Actor Malcolm McDowell Makes his Home in Shangri-La
OVN by Kristy Dark and John Grant 3/15/00

     Legendary actor Malcolm McDowell (A Clockwork Orange) has been an Ojai resident for almost 20 years, and serves on the Honorary Advisory Board of Ojai Film Festival 2000. This interview was conducted on Feb. 15 at Local Hero bookstore in the arcade.

Q: What do you like best about Ojai?

A: The tranquility and natural beauty and the town, which is charming. Last year I was traveling for 10 months, so it makes a difference when you get back to a little Shangri-La like this. Makes it all worthwhile.

Q: What are some of your favorite activities here?

A: Activities such as the Film Festival and all that are very important. I love this little theater that Kim Maxwell-Brown started with her husband [Theatre 150]. My favorite thing is the Tennis Tournament. Now that for me is the finest, one of the great tennis tournaments of the world. It's fantastic!

Q: What do you see as some benefits of a film festival here?

A: It would be very good for the town. Anything we can do to help the shopkeepers and the restauranteurs, who put their money and their life into what they do. That's why we buy locally always.

Q: The theme of Ojai Film Festival 2000 is "Horizons Lost and Found - Enriching the Human Spirit Through Film." Could you name a few films that stand out for you as having this quality?

A: I suppose if you go back to the greatest film of all time in terms of enriching the human spirit, it would be the Jimmy Stewart film, It's a Wonderful Life. It's a wonderful film.

Q:  A Clockwork Orange is being re-released in England, and of course we all remember your unforgettable portrayal of Alex in that film. What makes Alex so fascinating to us?

A: You get the sense that he must have tremendous intelligence, and yet there's no morality. That's a very exciting combination, isn't it?

Q: Frightening.

A: It's a frightening combination, yeah. Because there's no self-censorship. But his one saving grace is that he loves Beethoven. How bad can you be?

Q: What do you see as the underlying theme of that film?

A: That film is about the freedom of choice. That should be an inherent right of every citizen -- to choose. And these choices are being diluted, diluted, diluted. Burgess was very clever because he made the hero or anti-hero immoral. By making him an immoral character, there's a real dilemma. It's like the First Amendment rights, where do you draw the line? The thing is, there should be no line really.

Q: You've played a lot of "bad guys." Do you find those roles more challenging or fulfilling?

A: I wouldn't know, 'cause I'm never offered anything else. (laughs) Playing bad guys can be great fun. But what's good and what's bad? A so-called "baddie" in his eyes he may not be bad at all, just misunderstood. Nothing is black and white.

Q: When you play those characters, do you feel compassion for them?

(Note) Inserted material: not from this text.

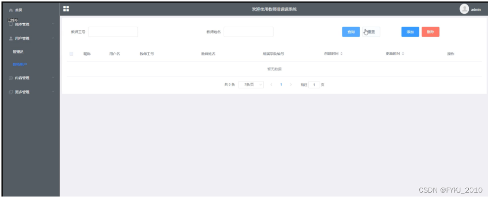 发布教师,并可以销毁某个教师,更新教师数据,模糊搜索教师数据等。

A: I love all the characters I play. Even serial killers. There's always something in a person that's to like.

Q: Do you think film will still be with us 100 years from now?

A: In some shape or form. I don't know whether they'll go to a new format. But there's nothing quite like going into that theater, is there really? Seeing it on a big screen is fabulously exciting.

Q: You've just been selected to be one of the first colonists on Mars, and you can only take two movies with you. Which two do you pick?

A: The Maltese Falcon. Always been a favorite of mine. Only two is not really fair, but I'll say The Thin Man.

Q:  Could you tell us about some of your recent and upcoming film projects?

A: I've got two sort of major movies coming out, one of which I think is fantastic. It's called Gangster No. 1, about the rise and fall of a charismatic gangster in the East End of London. It's a very well-written script, very violent, very profane -- and fabulous.

Q: You have a film screening here on March 19, My Life So Far.

A: A very charming film set in 1930, in that twilight zone between the wars in Europe. It's actually in Scotland, a beautiful house on a loch. Directed by my dear friend Hugh Hudson, who did Chariots of Fire.

Q: Let's talk about "reel violence."

A: I think one has a moral responsibility to one's fellow human beings. But I am not a great believer that violence begets violence. What's more harmful is seeing a sort of insidious television show for children that purports to be morally sound, where the "good" sheriff comes in and kills 12 people. I think it's very, very rare that people see a movie and want to go out and copy it. Films mirror what's happening in society, not the other way around.

Q: Do you have any advice for people planning a film career?

A: Don't. Stay away if you've got any sense, with the proviso that anybody that really wants to do it will do it regardless of what I say. And I think you have to have an almost blinkered obsession with wanting to do it, to make it.

Q: What do you love most about being an actor?

A: I still get tremendous joy out of it. If I didn't, I'd give it up tomorrow. It's a very Brechtian thing because it means I'm really enjoying myself, playing this part, but you're going to believe me anyway. That is what I always try to achieve.

Q: Any other comments?

A: I just hope people come out and support a new venture in Ojai. If we're going to have a Film Festival, let's do it properly. Let's really do it.